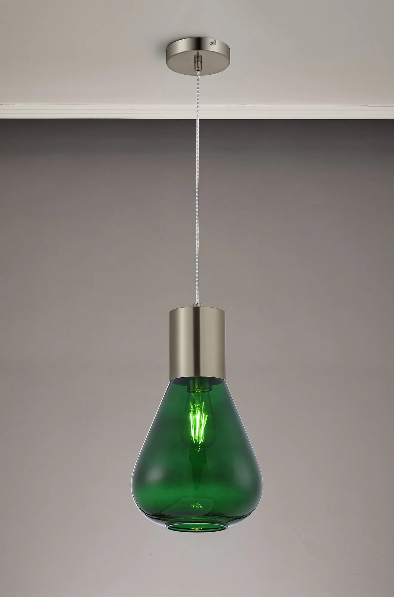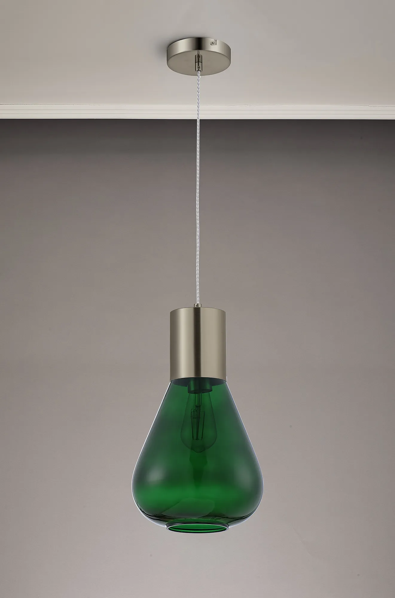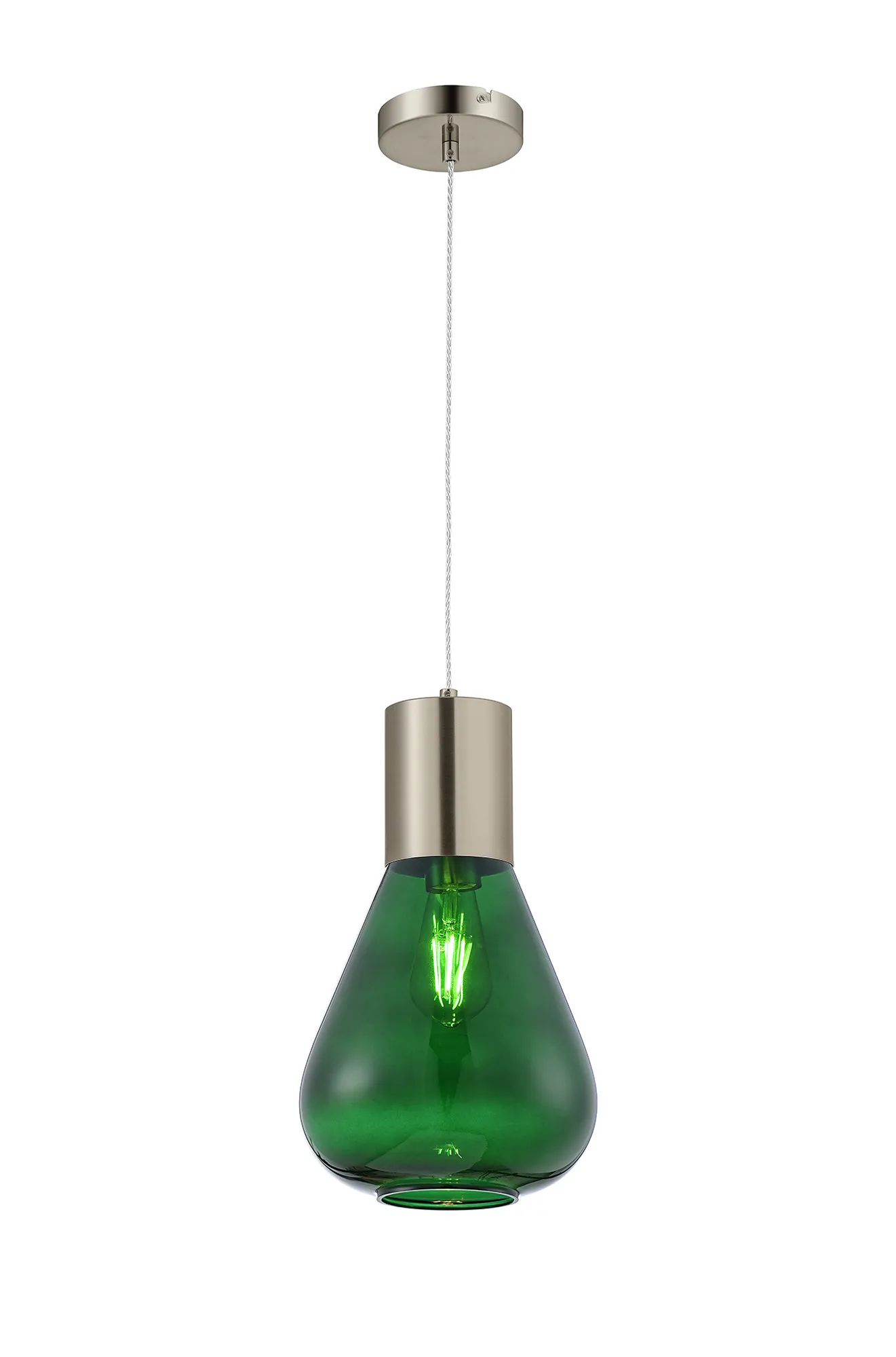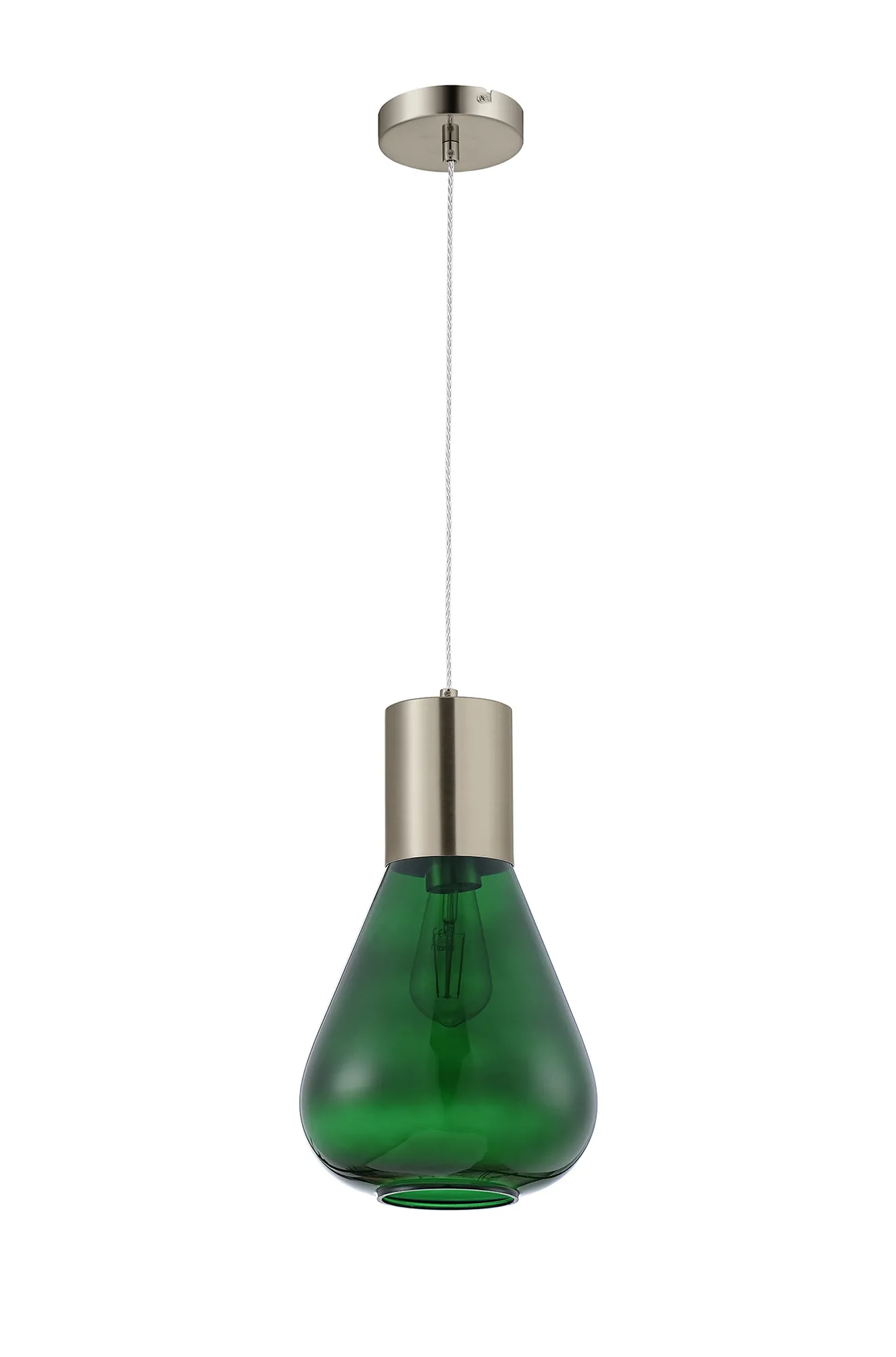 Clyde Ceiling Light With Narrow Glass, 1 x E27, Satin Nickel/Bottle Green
...
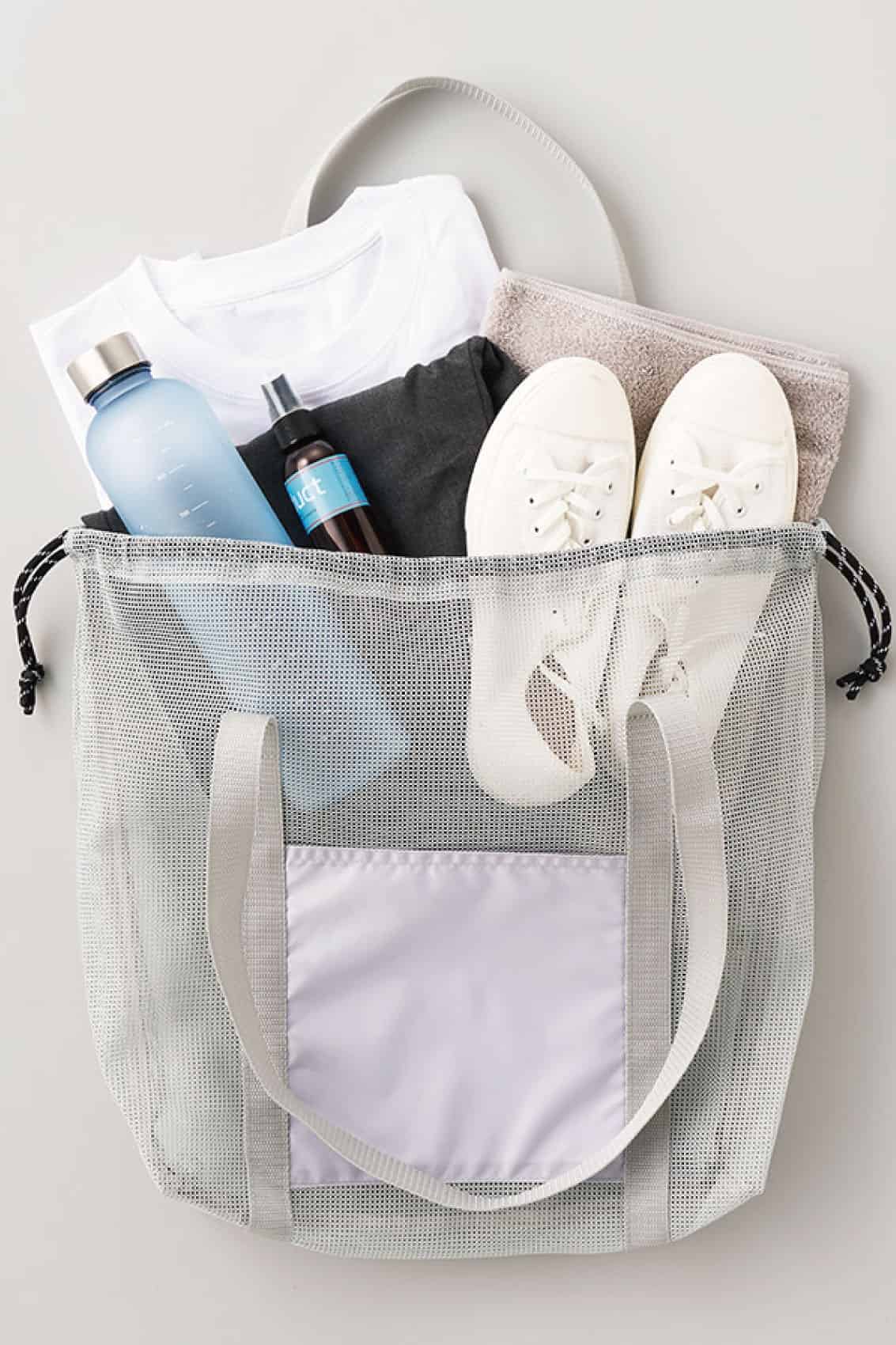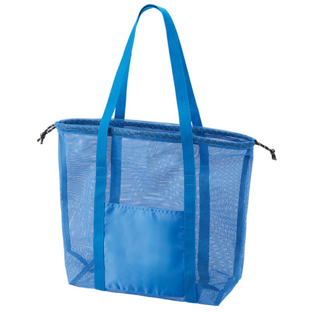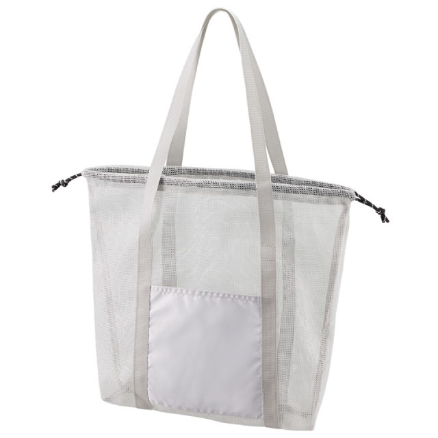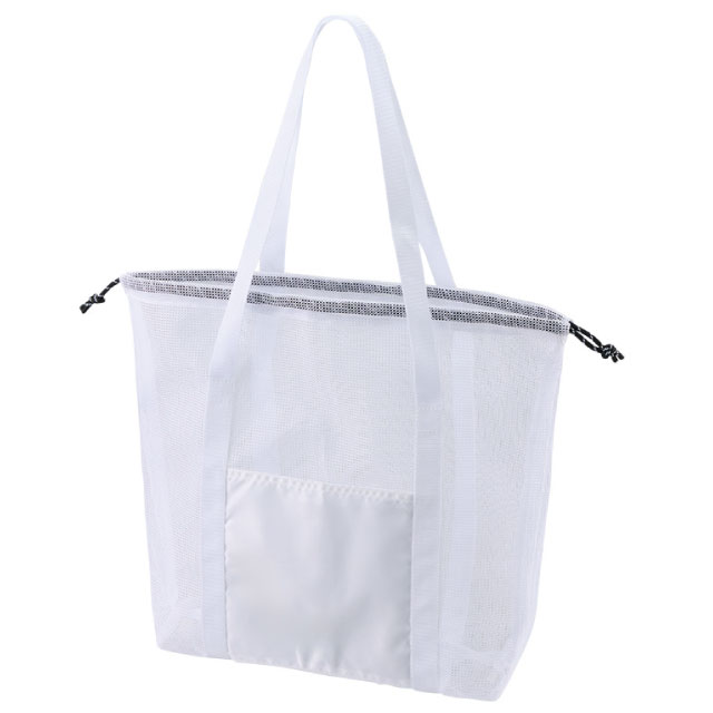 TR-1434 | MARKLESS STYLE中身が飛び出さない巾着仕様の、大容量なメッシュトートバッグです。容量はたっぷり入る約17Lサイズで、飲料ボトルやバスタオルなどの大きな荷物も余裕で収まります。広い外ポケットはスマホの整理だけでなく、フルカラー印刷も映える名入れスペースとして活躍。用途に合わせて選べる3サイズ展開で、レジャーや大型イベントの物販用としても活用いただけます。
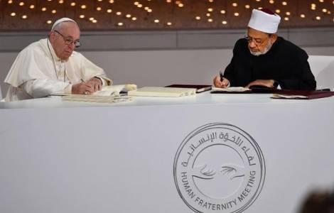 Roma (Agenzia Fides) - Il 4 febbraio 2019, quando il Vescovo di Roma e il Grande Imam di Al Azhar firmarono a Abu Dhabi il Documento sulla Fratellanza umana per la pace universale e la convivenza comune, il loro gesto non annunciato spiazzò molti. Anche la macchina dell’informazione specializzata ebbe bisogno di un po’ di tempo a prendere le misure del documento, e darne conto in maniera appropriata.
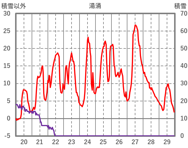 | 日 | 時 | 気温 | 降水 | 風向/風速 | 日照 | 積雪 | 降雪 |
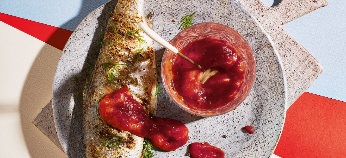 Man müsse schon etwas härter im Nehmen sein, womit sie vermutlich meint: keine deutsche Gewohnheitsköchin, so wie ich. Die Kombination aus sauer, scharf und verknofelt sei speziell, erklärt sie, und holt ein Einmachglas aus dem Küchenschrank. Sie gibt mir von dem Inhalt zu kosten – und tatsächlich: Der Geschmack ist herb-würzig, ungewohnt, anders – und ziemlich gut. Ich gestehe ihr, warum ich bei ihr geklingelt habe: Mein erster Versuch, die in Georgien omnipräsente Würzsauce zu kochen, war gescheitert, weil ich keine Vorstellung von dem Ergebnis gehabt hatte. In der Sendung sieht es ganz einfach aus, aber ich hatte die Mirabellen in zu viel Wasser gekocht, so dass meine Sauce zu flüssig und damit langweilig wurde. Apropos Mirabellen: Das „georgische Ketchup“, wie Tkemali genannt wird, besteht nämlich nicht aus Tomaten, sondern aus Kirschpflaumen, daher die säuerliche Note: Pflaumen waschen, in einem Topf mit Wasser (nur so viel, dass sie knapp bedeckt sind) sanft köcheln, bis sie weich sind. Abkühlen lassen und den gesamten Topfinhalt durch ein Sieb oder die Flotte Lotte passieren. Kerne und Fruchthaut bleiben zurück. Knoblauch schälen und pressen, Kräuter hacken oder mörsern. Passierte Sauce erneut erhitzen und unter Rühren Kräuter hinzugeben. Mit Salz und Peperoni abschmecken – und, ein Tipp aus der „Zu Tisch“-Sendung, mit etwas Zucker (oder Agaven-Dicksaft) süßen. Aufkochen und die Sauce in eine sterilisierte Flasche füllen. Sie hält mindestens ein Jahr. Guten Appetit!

> **Action item**:
Would you write out exactly the lines above, starting at the line containing "TR-1434 | MARKLESS" and stopping after the line containing "Roma (Agenzia Fides)"? Omit the pictures.

> **Response for this exercise**:
 TR-1434 | MARKLESS STYLE中身が飛び出さない巾着仕様の、大容量なメッシュトートバッグです。容量はたっぷり入る約17Lサイズで、飲料ボトルやバスタオルなどの大きな荷物も余裕で収まります。広い外ポケットはスマホの整理だけでなく、フルカラー印刷も映える名入れスペースとして活躍。用途に合わせて選べる3サイズ展開で、レジャーや大型イベントの物販用としても活用いただけます。
 Roma (Agenzia Fides) - Il 4 febbraio 2019, quando il Vescovo di Roma e il Grande Imam di Al Azhar firmarono a Abu Dhabi il Documento sulla Fratellanza umana per la pace universale e la convivenza comune, il loro gesto non annunciato spiazzò molti. Anche la macchina dell’informazione specializzata ebbe bisogno di un po’ di tempo a prendere le misure del documento, e darne conto in maniera appropriata.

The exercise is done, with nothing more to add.